Under the recent law, these six conditions are stopped, but are now supported by higher level legislation. Amended art. 22 also includes the possibility of partial or fully rejecting the investment or attachment of conditions for approval. If the company receives permission, but later launches any of these threats, the central authorities are authorized to demand repair actions or completely cancellation of the investment, if the problem is stern. The recent law increases existing investment restrictions from subordinate to formal provisions and adds legal consequences for non -compliance.

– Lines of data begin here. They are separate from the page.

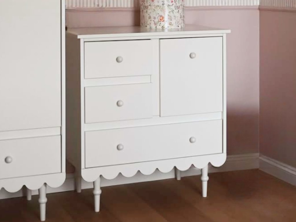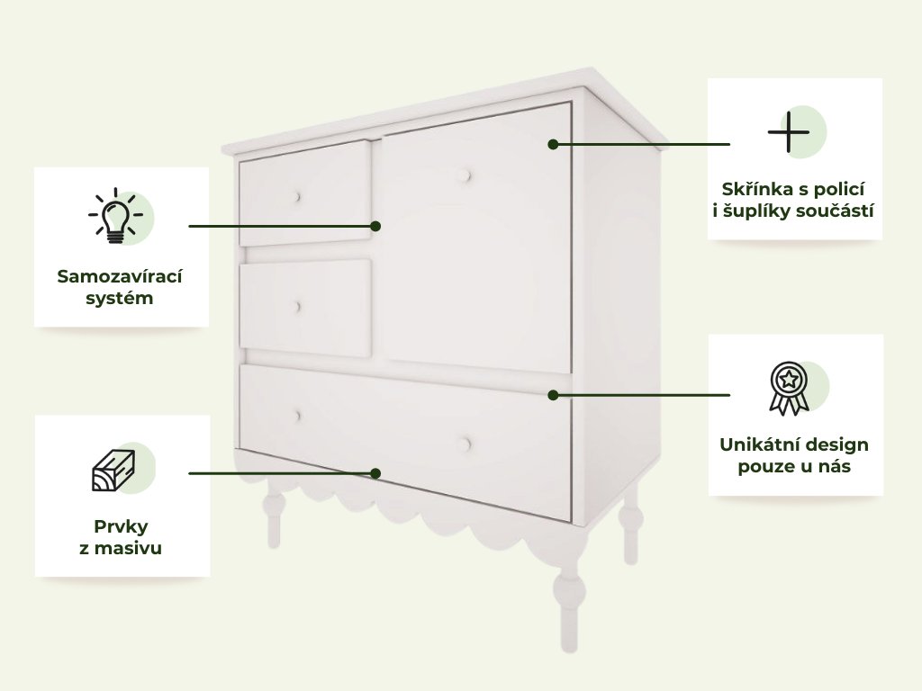 Nízká úložná komoda do dětského pokoje BABUSHKA bílá
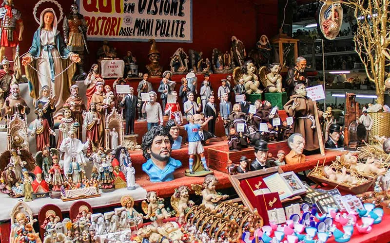 Toprak ve ahşaptan yapılmış çok özel figürler dükkanların vitrinlerini süslüyor. Kimisi kutsal kimisi değil tabi. 18. yüzyılda Napoli’yi çağrıştıran ve aralarında kasapların, fırıncıların, pizzacıların bulunduğu sembolik karakterler, Via San Gregorio Armeno’nun sanatçıları tarafından özenle hazırlanıyor.
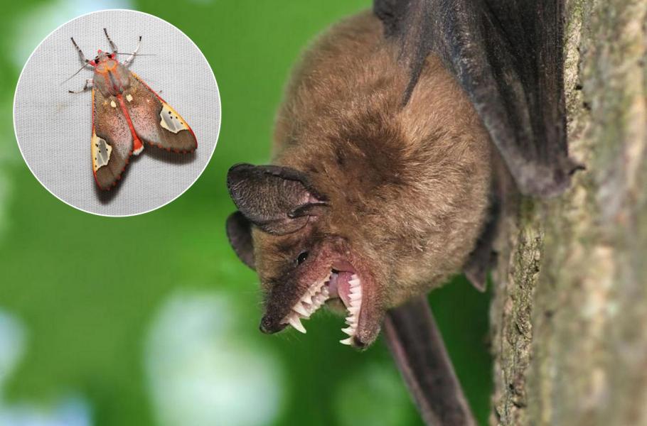 Netopýr hnědý (Eptesicus fuscus), jenž s oblibou loví můry Bertholdia trigona (ve výřezu). Můra útočící netopýry mate sérií ultrazvuků.
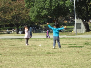 お弁当の後はキャッチボール。
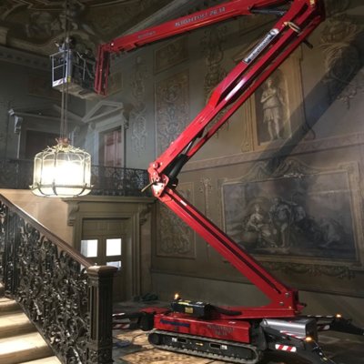 The Hinowa Lightlift 26.14 is compact and narrow, so you can use it for access in very confined areas. The tracks also offer excellent traction across rough and sloped terrain. When in place, you can widen the tracks to 1.49-metres for extra stability, and you can lower the four folding outriggers for further support, even if the surfaces are different levels.
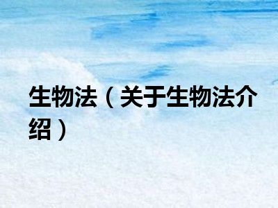 大家好,小钱来为大家讲解以上的问题。生物法,关于生物法介绍这个很多人还不知道,我们一起来看看!
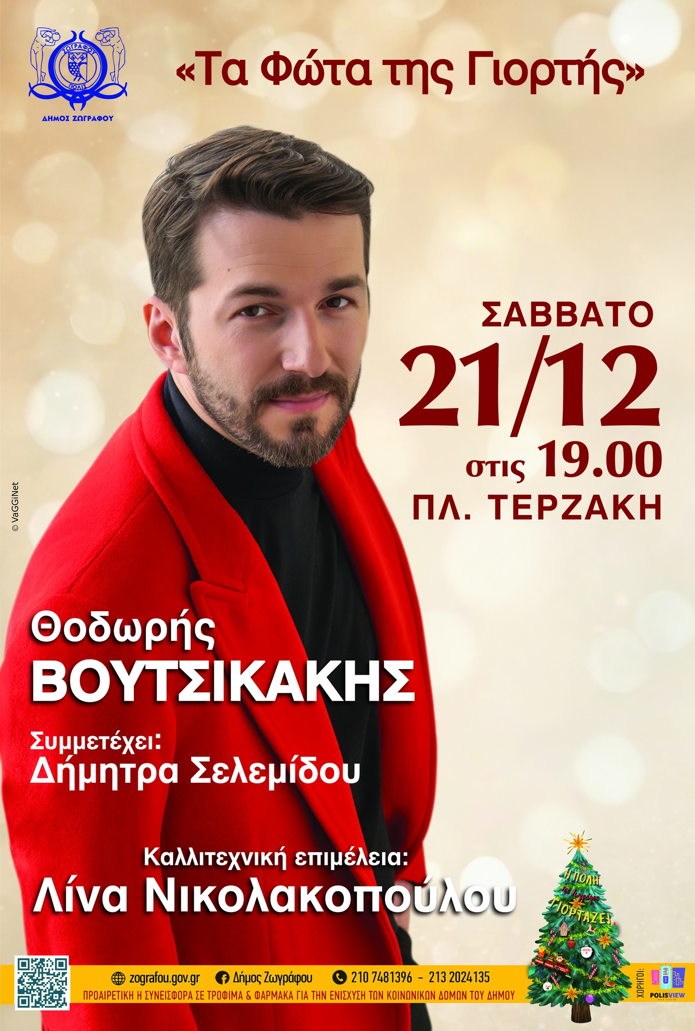 Στη συναυλία, η οποία είναι υπό την καλλιτεχνική επιμέλεια της Λίνας Νικολακοπούλου, οι Δημότες θα απολαύσουν τον Θοδωρή Βουτσικάκη και τη Δήμητρα Σελεμίδου σε ένα πλούσιο γιορτινό πρόγραμμα που ετοίμασαν με τη δημοφιλή και ιδιαίτερα αγαπητή ποιήτρια και στιχουργό, με επιλογές από σημαντικά ρεπερτόρια: από τον Nicola Piovani, τον Ara Dinkjian, τον Frank Sinatra, τους Vaya Con Dios, την Amy Winehouse και τον Leonard Cohen, μέχρι Γιάννη Σπανό, Σταμάτη Κραουνάκη, Γιώργο Ζαμπέτα και βαλκανικούς σκοπούς.
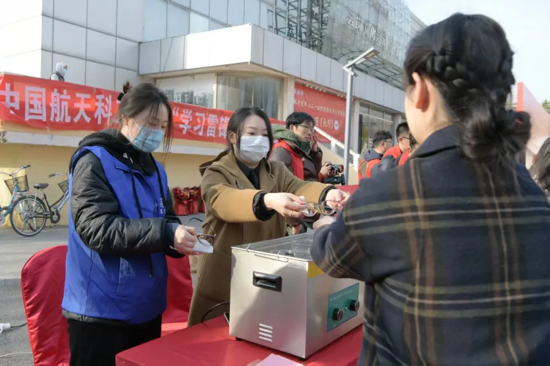 ▲303所团委举办了“明亮视界 与爱同行”志愿服务活动,为所内职工提供更换鼻托和超声波清洗眼镜服务。
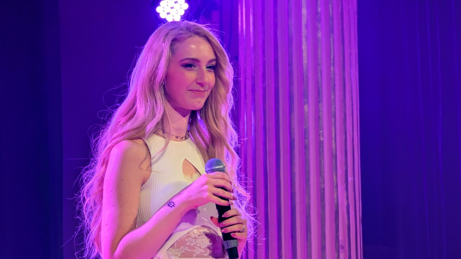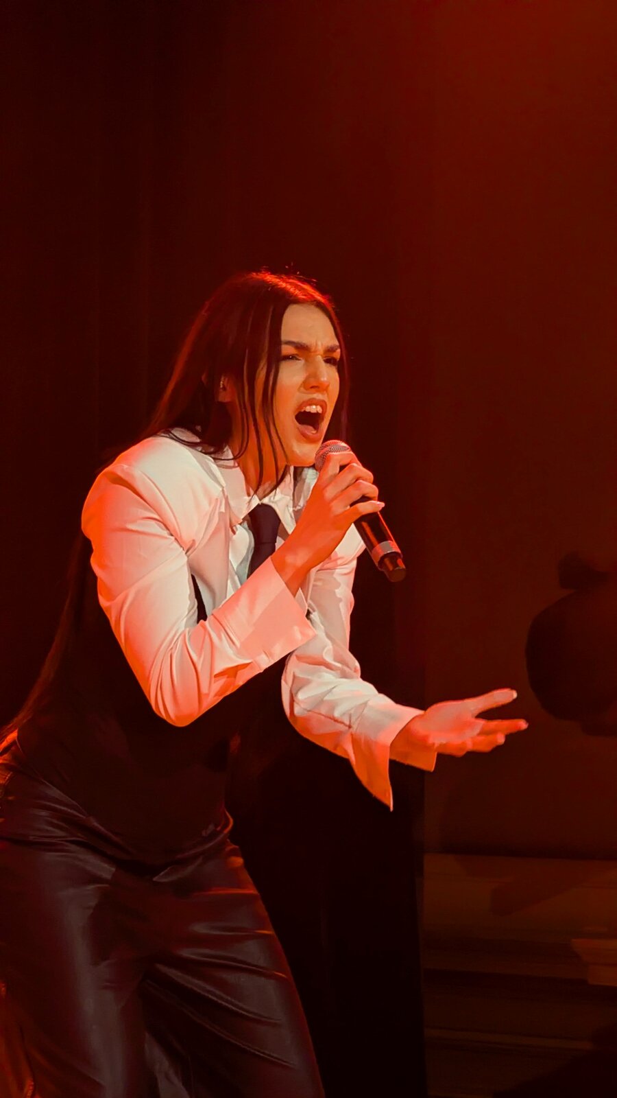 Jacqline, en tenue noire très sexy, interprète d’abord "Woman" (Mello 2026), puis l’excellent "Effortless" (Mello 2024). Féline et charismatique, l’artiste dégage une véritable sensualité et se déhanche avec assurance.

The Ministry of Economic Affairs stated that the date of implementation of the law will be announced only after improvement in six months. This means that the earliest enforcement may start by the end of 2025. The implementation of the regulation appears among the growing geopolitical risk, and after TSMC announced plans to raise investments in American production capacity from $ 65 billion in four years to 165 billion in an undisclosed period.

The amendment also introduces penalties that have not been present before. Companies that invest abroad without prior consent can face a fine of 50,000 NT to 1 million NT (30,830 USD). If the investment is approved, but the company will not correct the identified violations later – such as the exposure to national security or damage to economic development – the authorities may impose a repeated fine of USD 500,000 (USD 15,414) to USD 10 million (308,286 USD). But given that TSMC plans to invest $ 165 billion in US facilities, a fine of USD 300,000 will hardly affect financial results.